Komnas HAM sebut penyelenggaraan pilkada di Aceh semakin membaik

Quick Count sebagai pedoman awal, bukan hasil menang kalah
KIP Aceh gelar jumpa pers di media center KIP Aceh, Kamis (16/2). (Kanal Aceh/Randi)

Banda Aceh (KANALACEH.COM) – Komnas HAM menyebut penyelenggaraan pilkada di Aceh semakin membaik. Komisi negara ini pun mengapresiasi pihak penyelenggara pilkada karena dianggap telah mempersiapkan segala hal dengan maksimal.

Komisioner Komnas HAM Otto Nur Abdullah mengatakan, semakin membaiknya penyelenggaraan pilkada di Serambi Mekkah ini salah satunya tampak dari koordinasi antarpenyelenggara. Dia pun membandingkan pilkada tahun ini dengan pemilu legislatif pada 2014 lalu.

“Penyelenggara cukup positif dibanding pileg lalu. Koordinasi antara KIP (Komisi Independen Pemilih) dan panwaslih (Panitia Pengawas Pemilihan) relatif bagus. Hanya satu daerah yang masih cekcok,” kata Otto di Media Center KIP Aceh, Kamis (16/2).

Tak hanya kerja sama antarpenyelenggara pemilu, Komnas HAM juga menilai hampir seluruh hal krusial dalam tahapan Pilkada Aceh dapat ditangani dengan baik.
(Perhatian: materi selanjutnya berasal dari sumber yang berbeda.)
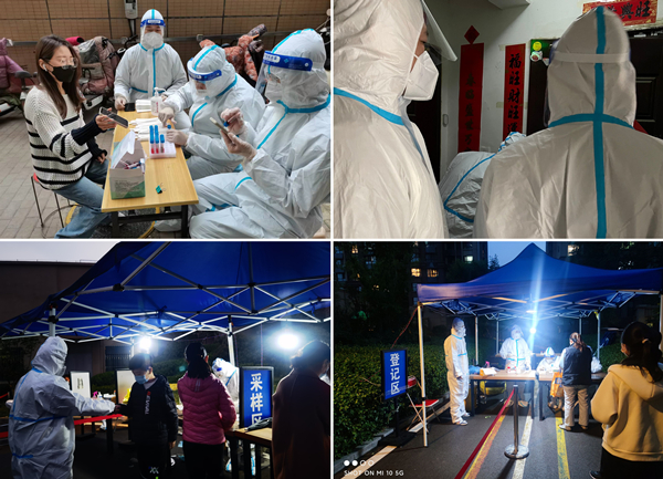 在石橋社區(qū),身著藍(lán)色工作服的青年突擊隊志愿者分工明確、相互配合,穿梭忙碌在核酸采樣現(xiàn)場:協(xié)助檢測、體溫測量、有序引導(dǎo)、登記信息、維持秩序、耐心講解。盡管現(xiàn)場下起了小雨,志愿者們冒雨作戰(zhàn),保持采樣工作有條不紊、順利推進(jìn),在規(guī)定時間內(nèi)圓滿完成社區(qū)采樣任務(wù),為石橋社區(qū)繪出一片堅實(shí)的守衛(wèi)藍(lán)。
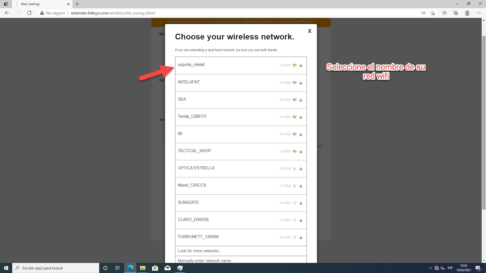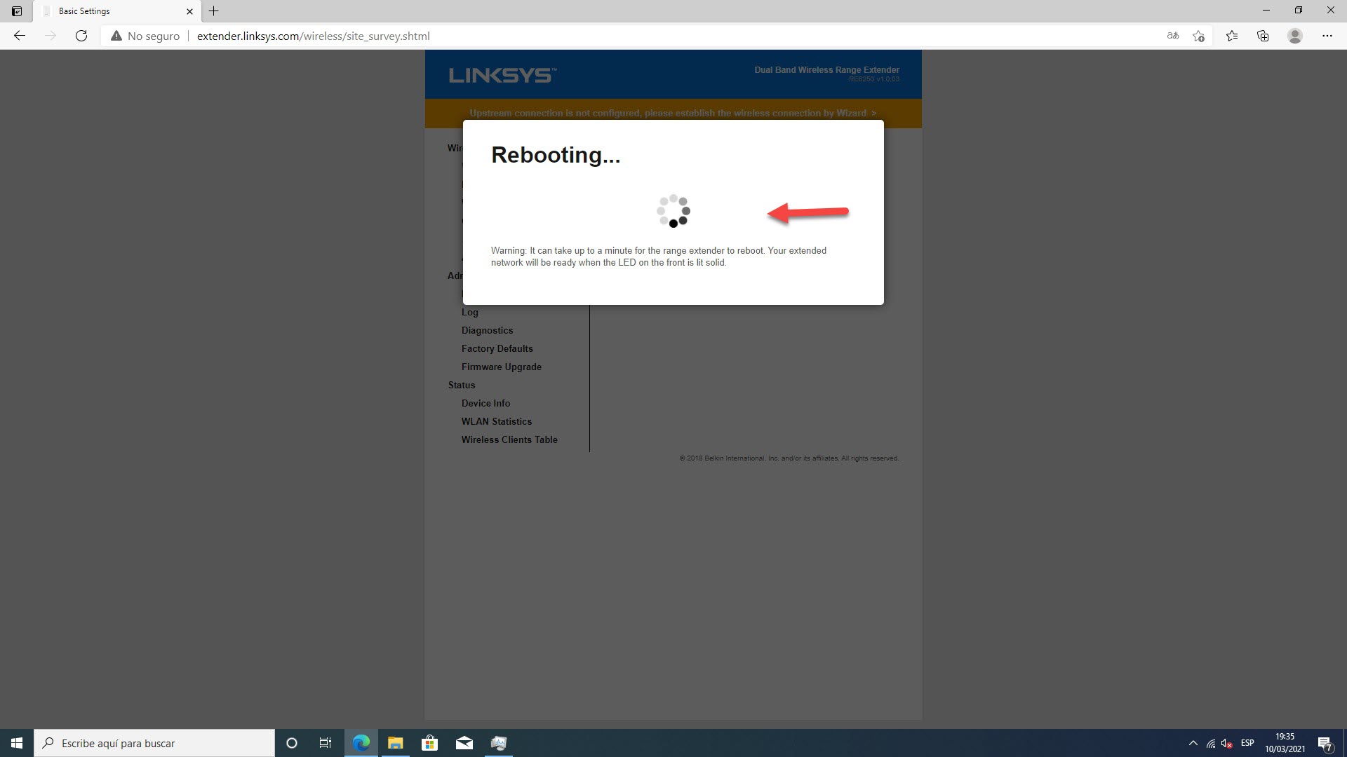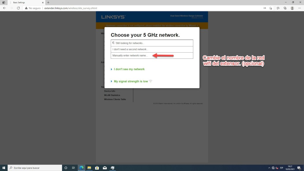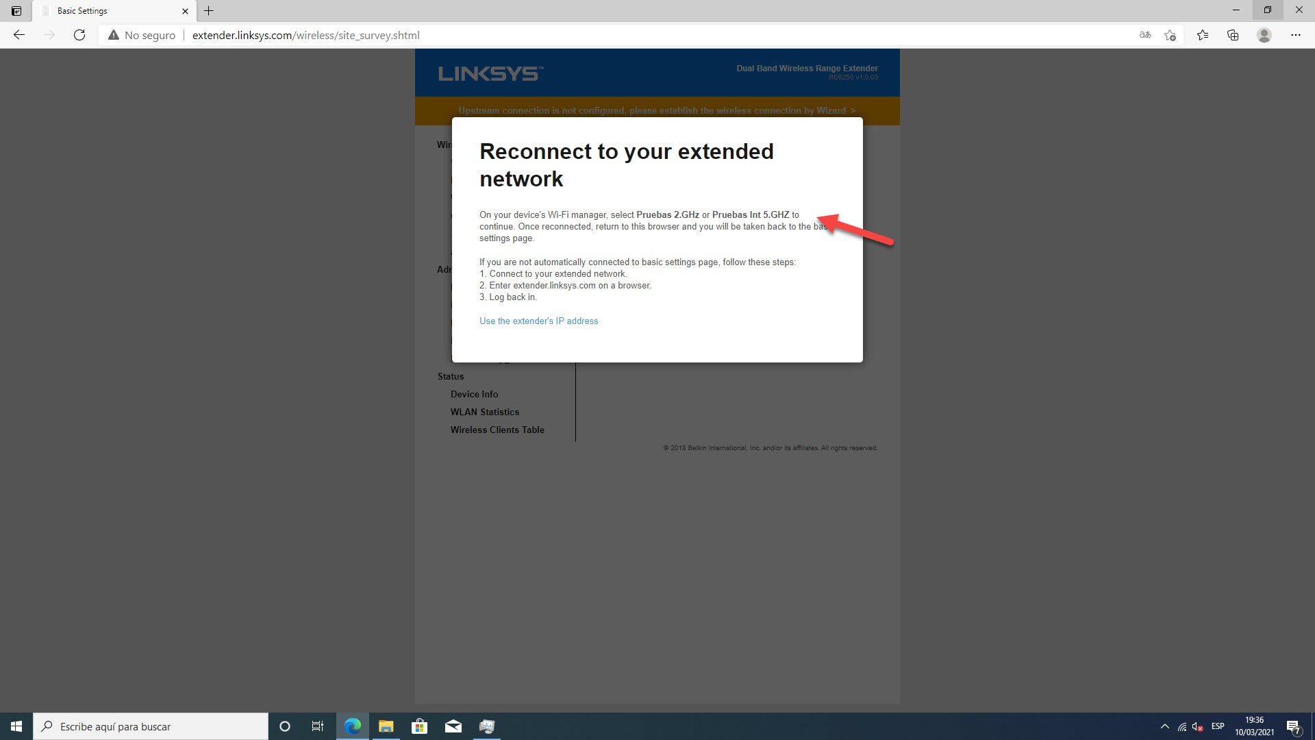 Automáticamente se conectará a la red WiFi de nuestro Extensor Linksys RE6250 y podremos confirmar el funcionamiento visitando una página web.
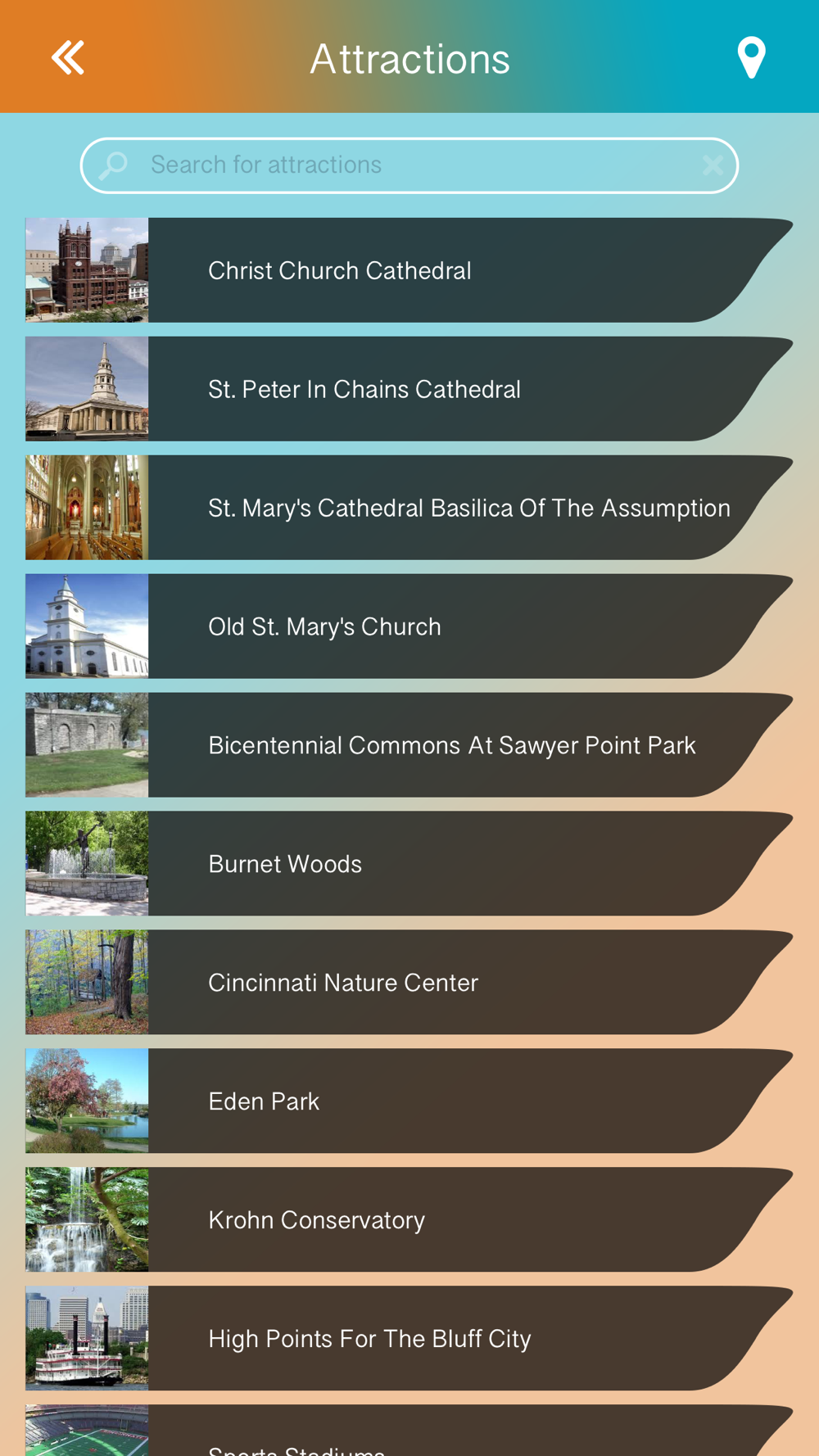Discover what's on and places to visit in Cincinnati with our new cool app. Your guide to top attractions, shopping malls / locations, finding hotels, directions to hotels & Bars, Restaurants. An all-in-one app for all the local attractions.

Selain potensi konflik, persoalan pemilih marjinal seperti di daerah pedalaman dianggap semakin diperhatikan dalam pilkada kali ini.

“Rekan-rekan penyelenggara sudah siap dengan kondisi di Aceh,” ujar dia.

Otto menjelaskan, pihaknya telah melakukan pemantauan terhadap pemenuhan hak warga negara dalam pelaksanaan pPilkada. Komnas HAM pun mengapresiasi penyelenggara pilkada karena dianggap telah memberikan pelayanan yang lebih baik tahun ini.

Bentuk pelayanan yang semakin positif ini, menurut Otto, salah satunya, yakni sudah tersedianya data terkait difabel dan tempat pemungutan suara (TPS) yang semakin ramah untuk mereka.

“Biasanya difabel tidak dihitung, tapi sekarang hampir semua TPS ada data difabelnya. Mereka sudah mendapatkan haknya,” kata Otto.

Meski demikian, Komnas HAM juga mencatat sejumlah hal yang dianggap kurang pantas. Otto menyebutkan, pihaknya masih menemukan ucapan penyelenggara yang dari perspektif HAM tidak layak.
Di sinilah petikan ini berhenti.